The uncertainty in the classification (cf. Fig. 3) is calculated as 1 − (the difference between the probability output by the network for the class predicted, and the second highest probability output). It is used to illustrate the difficulty which the network has to classify a given frame. Note that this probability is given by the network output, i.e. before selecting as prediction the category with the highest probability.

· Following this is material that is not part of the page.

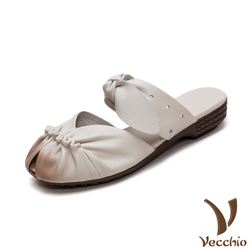 真皮頭層牛皮皺褶花邊蝴蝶結一字帶低跟包頭拖鞋 米*VECCHIO* |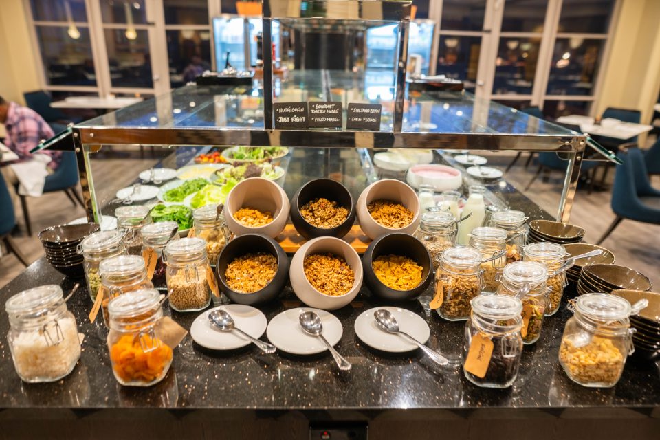 How good is Bircher muesli? Among the swathe of cereal options sits a tureen of creamy, soaked Bircher muesli, studded with goji berries and grated apple. A variety of add-ons includes not just fruit, but also a range of seeds and nuts.

When evaluating the decoding accuracy on a previously unseen animal, one region-based network was trained for each animal available. The same regions were used as inputs for all animals, making it possible to apply the weights learnt by one network to a different animal. The accuracy (as defined above) of the network generated for each animal was evaluated when applying it to each of the other animals. The accuracy reported is the average of accuracies obtained for each network applied to a different animal, i.e. 30 instances for 6 different animals available. This average accuracy is compared to the average accuracy obtained intra-animal, i.e. when evaluating the network trained on one animal on previously unseen frames of the same acquisition. This amounts to 6 instances for 6 animals available. The difference is named “accuracy lost” on Fig. 3.

FCNN importance maps

In order to understand the rules learnt by the networks, we further applied a visualization technique based on the Holdback Input Randomization method23 which provides a quantification of the importance of each pixel to the classification. This is done by fixing the network’s learned weights and running the network on a test given dataset with the input corresponding to a given pixel or ROI replaced by random values between -1 and 1. The method then evaluates the accuracy lost by the network when information about this particular input was suppressed, i.e. the importance of this input to the classification. This could be applied to both pixel-based (downsampled with a 2 × 2 kernel) and ROI-classifications, and the importance to classification was evaluated specifically for each category as the drop in the probability of each state output by the network in this specific category when this input was suppressed.

Importance maps for pixel-based classification were generated by reshaping the importance of the different inputs to match the original image dimensions. For region-based classification, this was done by assigning each importance value to a mask of the corresponding region in 2D.